Execution time and state of a specific task within a airflow dag

2.5k views Asked by At

I would like to extract all execution time of a particular task in an Airflow Dag. I would prefer to do it by writing another Dag.

I have used the following Dag to extract the status and execution time of another Dag


import pandas as pd
import numpy as np
import pandas_gbq
from google.cloud import storage as gcs
from google.cloud import bigquery

dag_id = 'my_dag'
dag_runs = DagRun.find(dag_id=my_dag)
        
# Declare empty array

arr = []
arr1 = []

for dag_run in dag_runs:
    arr.append(dag_run.state)
    arr1.append(dag_run.execution_date)
 

dag_info = {'time': arr1, 'dag_status': arr}

df = pd.DataFrame(dag_info)

## Keep failed and successful dag runs    
df_status = df[(df.dag_status == "failed") | (df.dag_status == "success")] 

df_status.loc[df_status['dag_status']=='success','flag'] = 0
df_status.loc[df_status['dag_status']=='failed','flag'] = 1

### Code to save the table in Bigquery


return None

I would like to do same but this time to extract a task information for 'my_dag'. I have tried solution given Status of Airflow task within the dag but it returns "None", although I know the task and dag is running.

def task_status_check(**kwargs):

        ##### TESTING. ####

        import pandas as pd
        import datetime

        my_date = datetime.datetime(2020, 9, 28)

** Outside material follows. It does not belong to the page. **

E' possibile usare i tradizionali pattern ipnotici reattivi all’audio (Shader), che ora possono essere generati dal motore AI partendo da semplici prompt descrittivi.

        my_dag_id = 'my_dag'
        my_task_id = 'my_task'


        dag_folder = conf.get('core','DAGS_FOLDER')
        dagbag = DagBag(dag_folder)
        check_dag = dagbag.dags[my_dag_id]
        my_task = check_dag.get_task(my_task_id)

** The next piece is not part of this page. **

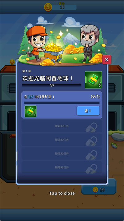 1、首先打開采礦大亨手游,進(jìn)入游戲后點(diǎn)擊左上角的任務(wù)選項(xiàng);

        for n in range(1, 500, 2):

            time_delta = timedelta(minutes = n)
            my_date_1 = my_date + time_delta 
            ti = TaskInstance(my_task, my_date_1)

            print("######################")
            print(ti.current_state())

Any help will be highly appreciated.

Thank you

1

There are 1 answers

3
Nick_Kh On

I suspect the issue here in TaskInstance() model but not the custom code logic enclosed in task_status_check() function. Basically TaskInstance() class offers a variety of Airflow tasks managing features leveraging SQLAlchemy OMR Python tool which performs the query against entire Airflow metadata DB fetching the records from task_instance SQL table, looking through the source code you might get #L203 that reflects this.

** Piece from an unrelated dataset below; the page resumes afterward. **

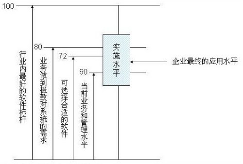 如果用一個數(shù)量化的概念來表達(dá)的話,假定行業(yè)內(nèi)最好的軟件是100分,企業(yè)做到極致對系統(tǒng)的需求可能是80分,當(dāng)然也可能沒有一個軟件能滿足企業(yè)所有的需求,但從整體上,一個企業(yè)的主體需求一定在行業(yè)內(nèi)最好的軟件標(biāo)桿之下。而當(dāng)前的業(yè)務(wù)和管理水平一般到不了極致,假設(shè)是60分,那選擇的軟件70-75分一定是合適的,高于當(dāng)前需求,而不要高得太多,最終的實施水平是一個區(qū)間,這取決于實施商的能力和企業(yè)的能力,可能會低于企業(yè)當(dāng)前業(yè)務(wù)和管理水平,也可能使系統(tǒng)超水平發(fā)揮,而企業(yè)最終的應(yīng)用水平一般就在這個區(qū)間里游動了。這個模型看起來很理論化,操作時需要考慮很多的因素,但是非常有價值的判斷標(biāo)準(zhǔn)。

I've tried your code in the very common similar scenario and faced with the same None returned state. Reviewing the user's efforts mentioned in the initial question Stack thread and getting deeper into the problem I've adjusted get_task_instance() to check the behavior, pointing this function to extract the state for the particular Airflow task. As long as get_task_instance() is an experimental package, seemingly it is invoking TaskInstance() class to discover the task state:

def task_check(**kwargs):
  import datetime
  from datetime import timezone
  from airflow import configuration as conf
  import logging
  from airflow.api.common.experimental.get_task_instance import get_task_instance
  
  my_date = datetime.datetime('yyyy', 'mm', 'dd', 'hour', 'min', 'sec')
  my_date = my_date.replace(tzinfo=timezone.utc) 

  my_dag_id = "Dag_id"
  my_task_id = "Task_id"
  ti = get_task_instance(my_dag_id,my_task_id,my_date)

I've checked that the request to Airflow DB was successful, however get_task_instance function returns the same None state:

{python_operator.py:114} INFO - Done. Returned value was: None

Meanwhile, doing the further research, considering the other methods for extracting the state for Airflow tasks and they just kept this job fine.

  • Airflow command-line executor, adjusted to run on one of the Composer workers:

    kubectl -it exec $(kubectl get po -l run=airflow-worker -o jsonpath='{.items[0].metadata.name}' \
        -n $(kubectl get ns| grep composer*| awk '{print $1}')) -n $(kubectl get ns| grep composer*| awk '{print $1}') \
        -c airflow-worker airflow task_state <Dag_ID> <Task_ID> 2020-09-27T23:59:21+00:00
    
  • Querying the metadata MySQL task_instance accordingly:

   SELECT task_id, state, execution_date
   FROM task_instance
   WHERE dag_id = 'dag_id'
   AND DATE(execution_date) = 'execution_date'
   AND task_id = 'task_id'